Holy crap! I did get 5. Thanks Hawk. I hope work goes well for ya. You'll rest up and shoot many more! I miss the challenges of competition. This is great fun.


----------



## Charles (Aug 26, 2010)

Absolutely great shooting! Congratulations.

Cheers ... Charles


----------



## SlingGal (Jun 18, 2011)

5 cards, cool! I'm inspired to keep practicing! Interested to see if Bill answers with 6 cards.


----------



## hawk2009 (Dec 30, 2009)

SlingGal said:


> 5 cards, cool! I'm inspired to keep practicing! Interested to see if Bill answers with 6 cards.

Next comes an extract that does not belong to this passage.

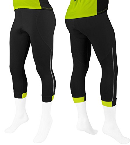 -. Feature : Soft, slightly fleecy cycling capri / Reflective trim and optional color accents / Adult Sizes: X-Small (size 0-2, hips 32-35, inseam 19); Small (size 4-6, hips 35-37, inseam 19.25); Medium (size 8-10, hips 38-39, inseam 19.5); Large (size 12, hips 40-42, inseam 19.75); X-Large (size 14-16, hips 43-44, inseam 20); XX-Large (size 18-20, hips 45-48, inseam 20.25); 3XL (size 22-24, hips 51-53, inseam 20.5); 4XL (size 26-28, hips 55-57, inseam 21); 5XL (size 32-34, hips 60-64, inseam 22) / Italian-made chamois pad to provide support and prevent chafing; designed with medium density foam for moderate distance rides / Made in the USA, also available in an unpadded compression version and in men's sizes
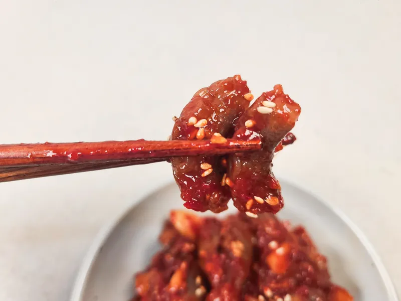 든든한 한 끼를 완성해 줄 정통 밥도둑! 비빔밥에 쓱쓱, 고기와 함께 곁들여도 찰떡궁합입니다. 냉장고에 하나쯤 꼭 있어야 할 필수 밑반찬이에요.

 Yep Bill has answered with six it's creeping up I will be on his arse when I finish my shifts lol.


----------



## hawk2009 (Dec 30, 2009)

SlingGal said:


> 5 cards, cool! I'm inspired to keep practicing! Interested to see if Bill answers with 6 cards.


 5 very solid hits , I have not been able to shoot again due to poor light, I'm not able to see where the ammo is going so I will have to pick my moment now as winter is virtually upon us.


----------



## hawk2009 (Dec 30, 2009)

I have not given up on this continuous card shooting it's just very dull, in broad daylight I cannot see where my ammo is going i'm not able to adjust the shot I will keep trying but it's guess work I don't hold out much hope right now as the days are very short as well,a good idea but the wrong time of year unfortunately.


----------



## Beanflip (Sep 11, 2010)

I did some practicing with a new layout. In the hope of improving the video. However, it made seeing the cards much harder.


----------